You know exactly what I’m talking about – the W-2. I stared at it blankly for several minutes, trying to come to grips with the dismally small amount of electronic cash, deposited into my bank account, I had earned in 2005.
After the shock and depression wore off, I promptly threw it on a forgotten bench in my house and vowed never to look upon its ugly face again.
Until a few days ago, that is, when I realized taxes were due in mere weeks and I had yet to gain a firm understanding of exactly what taxes were. I noticed at the top of the W-2 that it said “Safe! Easy! E-FILE,” so I thought that sounded like it was for me. Safe, easy, and I didn’t have to sign off AIM to do it.
The ad told me to go to www.irs.gov, so I did. The problem with the IRS web site, like most government sites (and most government), is that it is overly complicated and vague and contains no valuable information.
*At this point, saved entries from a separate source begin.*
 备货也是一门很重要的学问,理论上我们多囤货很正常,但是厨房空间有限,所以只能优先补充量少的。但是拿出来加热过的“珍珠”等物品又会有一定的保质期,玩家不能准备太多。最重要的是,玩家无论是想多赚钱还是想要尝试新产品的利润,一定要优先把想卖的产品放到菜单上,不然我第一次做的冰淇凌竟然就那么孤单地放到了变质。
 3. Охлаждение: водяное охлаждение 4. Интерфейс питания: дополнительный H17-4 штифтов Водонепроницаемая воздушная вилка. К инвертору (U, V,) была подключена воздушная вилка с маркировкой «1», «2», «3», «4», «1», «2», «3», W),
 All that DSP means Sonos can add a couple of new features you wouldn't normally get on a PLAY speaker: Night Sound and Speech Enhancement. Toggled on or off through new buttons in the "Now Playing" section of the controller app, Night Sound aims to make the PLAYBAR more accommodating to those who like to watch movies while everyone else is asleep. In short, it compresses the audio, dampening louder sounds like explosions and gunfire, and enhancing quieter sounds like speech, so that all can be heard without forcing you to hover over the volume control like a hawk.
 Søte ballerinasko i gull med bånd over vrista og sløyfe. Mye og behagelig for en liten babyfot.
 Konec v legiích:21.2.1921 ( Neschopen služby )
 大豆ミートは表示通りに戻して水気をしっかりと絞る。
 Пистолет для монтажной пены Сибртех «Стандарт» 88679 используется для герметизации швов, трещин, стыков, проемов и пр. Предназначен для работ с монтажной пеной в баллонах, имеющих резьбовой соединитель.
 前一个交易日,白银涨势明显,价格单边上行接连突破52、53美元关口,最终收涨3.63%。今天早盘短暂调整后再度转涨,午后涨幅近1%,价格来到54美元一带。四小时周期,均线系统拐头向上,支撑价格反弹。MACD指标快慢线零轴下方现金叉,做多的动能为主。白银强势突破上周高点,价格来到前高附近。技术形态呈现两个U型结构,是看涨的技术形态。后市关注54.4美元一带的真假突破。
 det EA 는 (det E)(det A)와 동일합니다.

The words “E-FILE” did not appear until the bottom fourth of the page. When I clicked those words, it took me to what appeared to be a bad government version of Google – a list of “free” web services I could use to file my taxes electronically. “Free” in this day and age apparently means “$19.95,” and that sum would be more than a fourth of what I would probably get on my return. No way, Jos.
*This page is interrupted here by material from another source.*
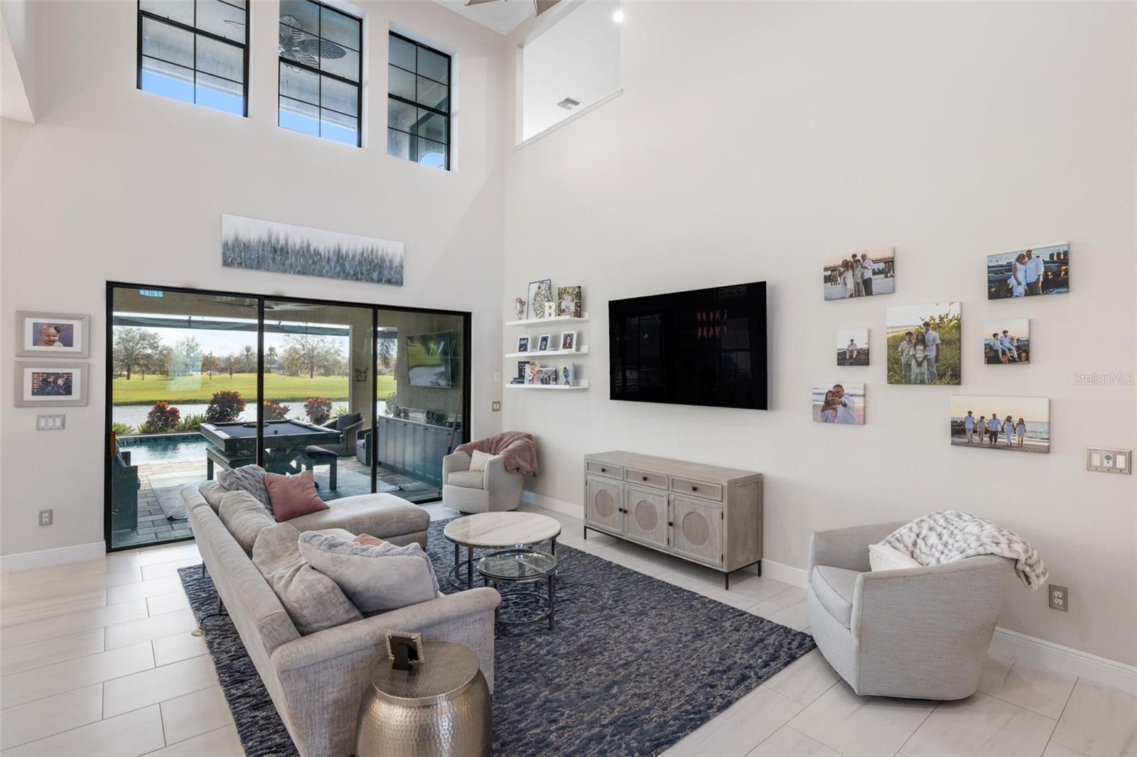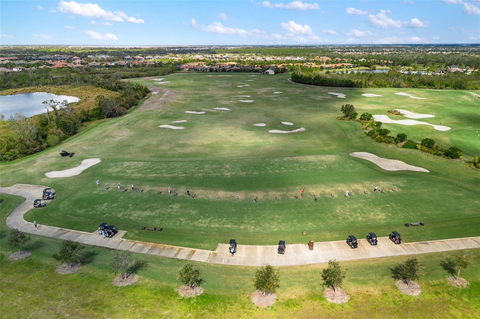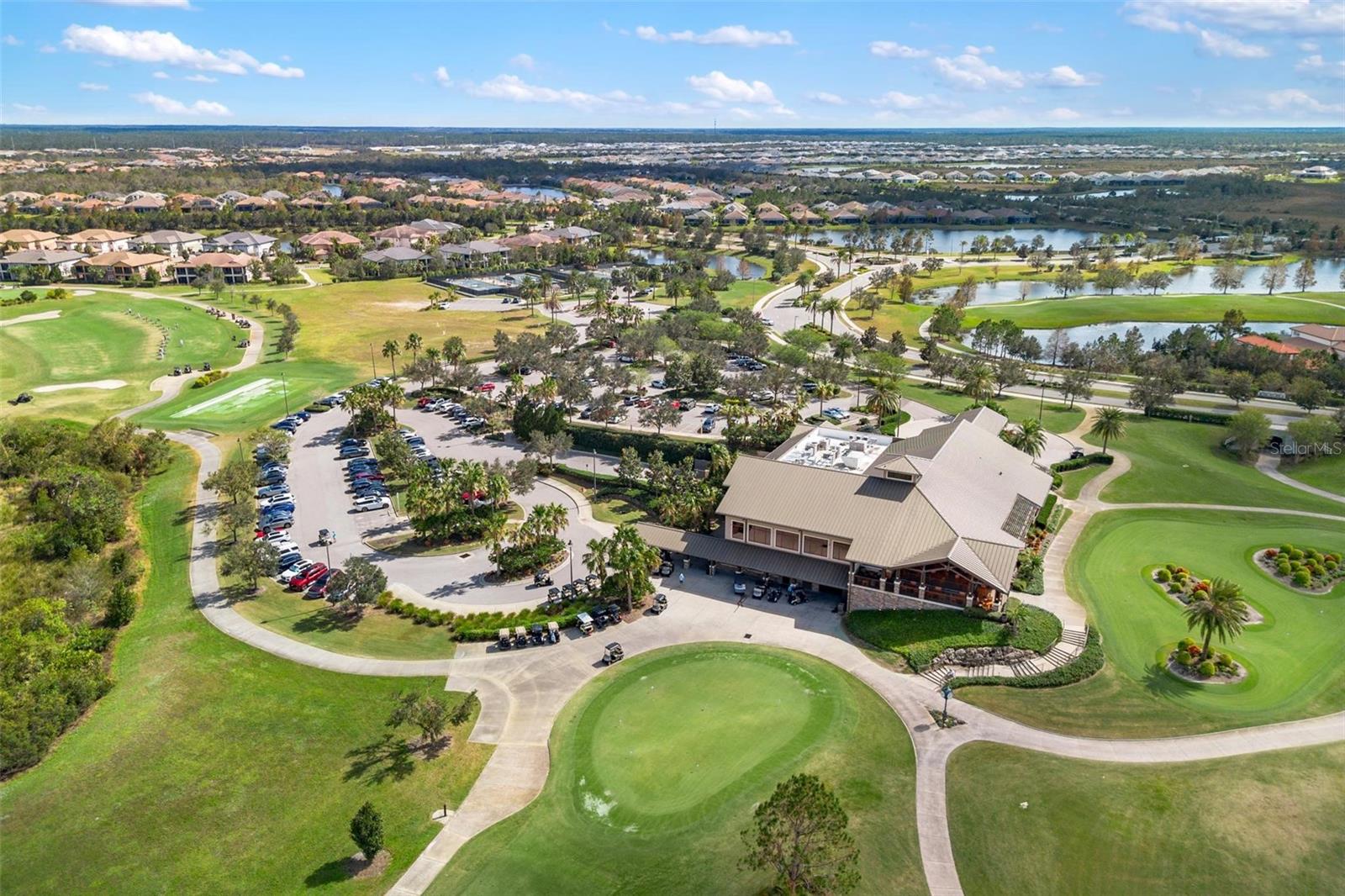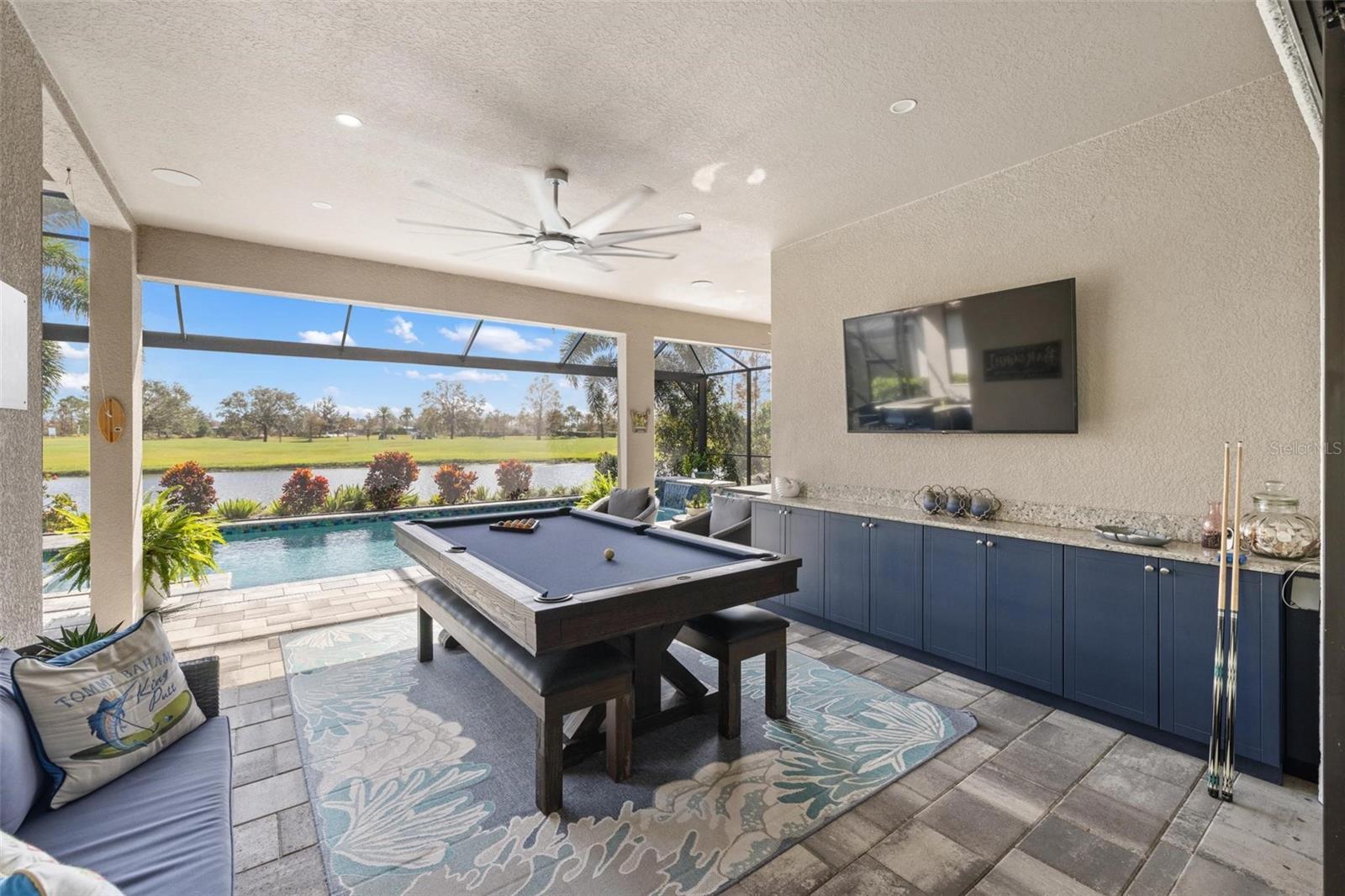 Discover an exceptional lifestyle in this breathtaking 5-bedroom, 3.5-bathroom estate located within the exclusive gated community of Lakewood Ranch Country Club East. Combining timeless elegance with modern comforts, this custom-built home is set on a breathtaking cul-de-sac lot with expansive lake and golf course views. Step inside and be welcomed by an open floor plan with soaring 20-foot ceilings in the family room, allowing natural light to flood the space. The gourmet kitchen is a chef’s paradise, complete with custom white cabinetry, extra-thick quartz countertops, high-end Wolf stainless steel appliances, and a massive walk-in pantry with coffee bar. A spacious island and extended breakfast bar provide ample seating and gathering space, while the large dining area offers an ideal spot for intimate meals with stunning views. Perfect for both entertaining and relaxation, the living area flows seamlessly to the extended covered lanai for true indoor - outdoor living. This oasis features a fully equipped grill, kitchen and bar, perfect for alfresco dining or summer gatherings. The saltwater pool and spa, set within a panoramic screened enclosure, overlook pristine lake and golf course views, creating a resort-style ambiance. The convenient pool bath and expansive outdoor area make it an entertainer’s dream. Lawn care and landscaping included in fees. The main level hosts the luxurious and spacious primary suite, a private retreat complete with wood flooring and serene lake views. The ensuite bath features dual vanities with center glam-station, a large walk-in shower, and dual walk-in closets with custom built-ins, providing a spa-like experience at home. A guest suite and spacious home office/formal dining, both with wood floors, round out the main floor. Upstairs, an oversized bonus room offers endless possibilities for a media room, gym, or playroom, adding versatility to the floor plan, with a wet bar and balcony offering additional entertainment options. Three additional guest bedrooms with walk-in closets provide ample accommodation for family or visitors, with one featuring a private front balcony. Additional highlights include a split garage, 2-car and a single, with ample storage, a tankless water heater, gas appliances for energy efficiency, and elegant tile flooring throughout the common areas. The wood floors in the primary bedroom, guest suite, and office add warmth and elegance, underscoring the home’s attention to detail. Countless options and upgrades are included in this 2020 Cardel-built Palazo floor plan. Living in Lakewood Ranch Country Club East offers a wealth of amenities beyond your doorstep. Residents enjoy exclusive access to amenities including The Retreat, with a resort-style pool, clubhouse and fitness center. Club members enjoy easy access to The Lodge just steps away by cart path, known for its rustic-ranch style architecture and casual yet sleek bar and dining scene. It houses an open concept kitchen, a private dining room, second pro shop, and an outdoor patio with a view of the Royal Lakes Golf Course.Country Club East’s prime location within Lakewood Ranch provides convenient access to Main Street and Waterside shopping, dining, and entertainment options. Sarasota’s award-winning beaches, cultural venues, and attractions offer even more to explore.
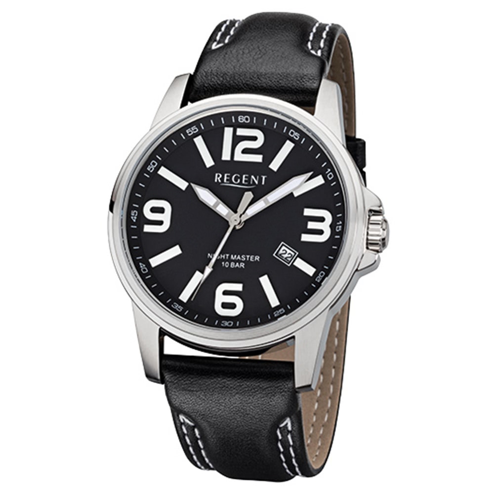 Regent Herrenuhr F-995 Quarzuhr mit Leder-Armband schwarz URF995

Frustrated and confused, I asked a few seasoned veterans of the business world how they filed their taxes. Turns out my parents pay a CPA more money than I could hope of getting on my return to file their taxes, and all of my other friends just give their W-2s to their parents. Usually relying as little on parental support as possible, I could for once see why they still hadn’t learned to do this thing for themselves.
So here I am, still confused, still staring at my measly W-2.
If taxes have been a fundamental part of this country since before it was even founded, how come the government can’t tell you how to file them?
How did they expect this information to be passed down – oral tradition? Are we supposed to teach our children about the Emancipation Proclamation, how to clean your ears and how to file taxes?
That’s what my life has come to -“life, liberty and the pursuit of a proper income tax form.